Thanks for all the replies. I'll try and answer by topic

Prefixing link with a package name

Having worked a lot on the implementation of links in DocC I don't foresee any problems with adding additional path components before the module name, now or in the future.

That said, the only two uses cases that I can think of right now for prepending the link with a package name are:

  • Disambiguation if two packages have a target with the same name.

  • Discoverability, for example via code completion, if the developer doesn't know the targets that they depend on but they do know the packages that they depend on.

Are there any uses cases that I'm missing here?

Module name collisions in a build workflow would already be problematic when building the code. SwiftPM (in Swift 5.7+) enable developers to define new unique names for the conflicting modules using module aliases.
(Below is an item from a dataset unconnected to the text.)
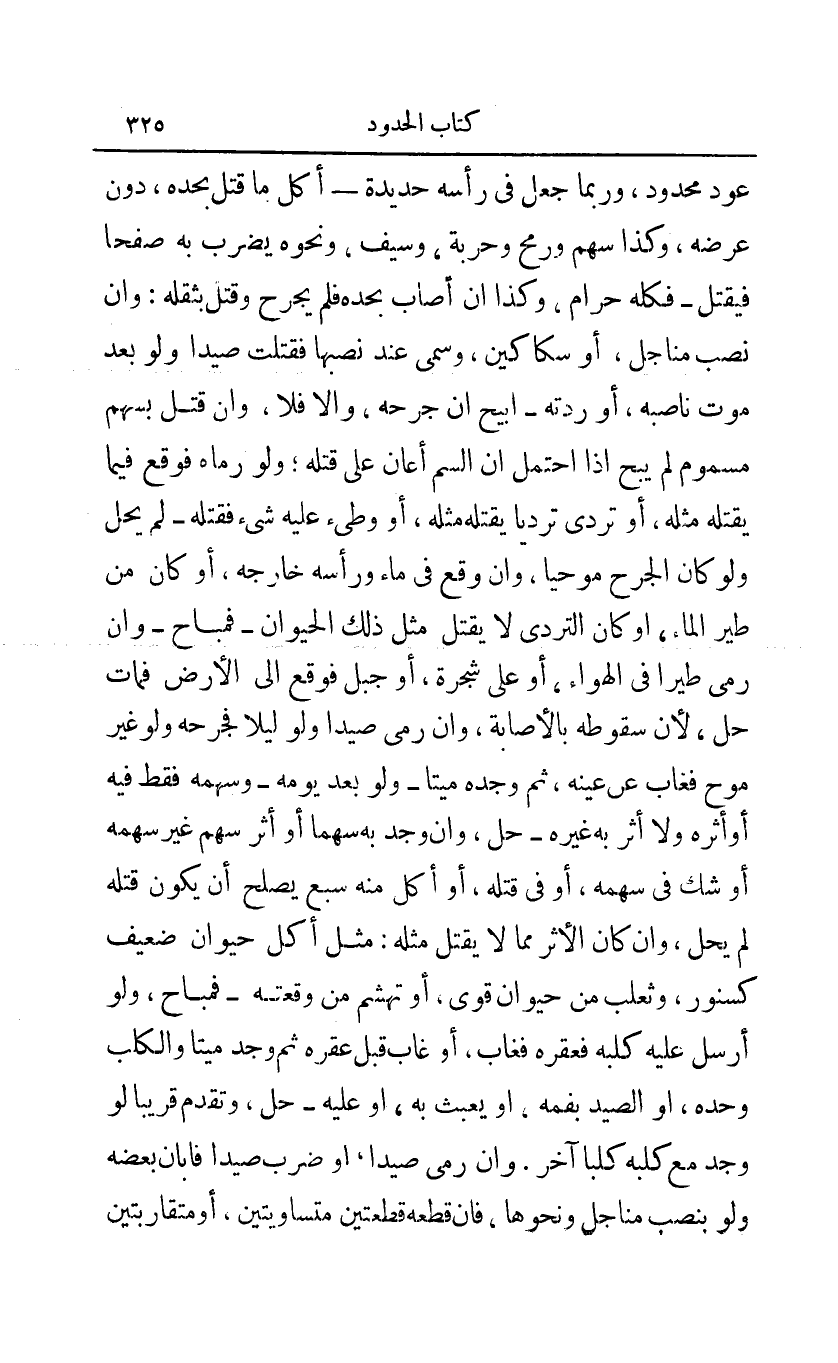 عود محدود وربما جعل في رأسه حديدة - أكل ما قتل بحده دون عرضه وكذا سهم ورمح وحربة وسيف ونحوه يضرب به صفحا فيقتل - فكله حرام وكذا إن أصاب بحده فلم يجرح وقتل بثقله: وإن نصب مناجل وأو سكاكين وسمى عند نصبها فقتلت صيدا ولو بعد موت ناصبه أو ردته - أبيح إن جرحه وإلا فلا وإن قتل بسهم مسموم لم يبح إذا احتمل أن السم أعان على قتله ولو رماه فوقع فيما يقتله مثله أو تردى ترديا يقتله مثله أو وطئ عليه شيء فقتله - لم يحل ولو كان الجرح موحيا وإن وقع في ماء ورأسه خارجه أو كان من طير الماء أو كان التردي لا يقتل مثل ذلك الحيوان - فمباح - وإن رمى طيرا في الهواء أو على شجرة أو جبل فوقع إلى الأرض فمات حل لأن سقوطه بالإصابة وإن رمى صيدا ولو ليلا فجرحه ولو غير موح فغاب عن عينه ثم وجده ميتا - ولو بعد يومه - وسهمه فقط فيه أو أثره ولا أثر به غيره - حل وإن وجد به سهما أو أثر سهم غير سهمه أو شك في سهمه أو في قتله أو أكل منه سبع يصلح أن يكون قتله لم يحل وإن كان الأثر مما لا يقتل مثله: مثل أكل حيوان ضعيف كسنور وثعلب من حيوان قوي أو تهشم من وقعته - فمباح ولو أرسل عليه كلبه فعقره فغاب أو غاب قبل عقره ثم وجد ميتا والكلب وحده أو الصيد بفمه أو يعبث به أو عليه - حل وتقدم قريبا لو وجد مع كلبه كلبا آخر وإن رمى صيدا أو ضرب صيدا فأبان بعضه ولو بنصب مناجل ونحوها فإن قطعه قطعتين متساويتين أو متقاربتين

I haven't looked into this in detail but if the module names that DocC sees are the alias named then the solutions uses to solve module collisions in build workflows should also solve them for DocC.

It's also possible for direct calls to DocC to pass custom dependencies with colliding targets that would need to be disambiguated. DocC considers the module/target as a symbol so it could be disambiguated with a suffix to that path component. It's something that's worth looking into in more detail.

Linking to specific versions or branches

I think we may have different ideas of how to link to specific versions of documentation and possibly about the uses cases for doing so. I'll explain my thinking below. Please add yours as well.

In my view, DocC always works with the "local" version of a target and its dependencies. This means that when a developer writes a link to a dependencies' symbol they always write ``/TargetName/SymbolName`` (without any version information). In the locally built documentation the link points to the locally built documentation.

However, when hosting the target's documentation and transforming the link to the hosted documentation for the dependency, the link needs to point to the correct version of the hosted documentation. This means that the local dependency documentation needs some information about what version this is. The details of how it would know this should be discussed on its own, because it's a large and complex problem to solve and deserves a focused discussion. It may be possible to derive the name based on information about the resolved information or it may be information that the developer commits to a file somewhere in the documentation catalog (together with the base URL).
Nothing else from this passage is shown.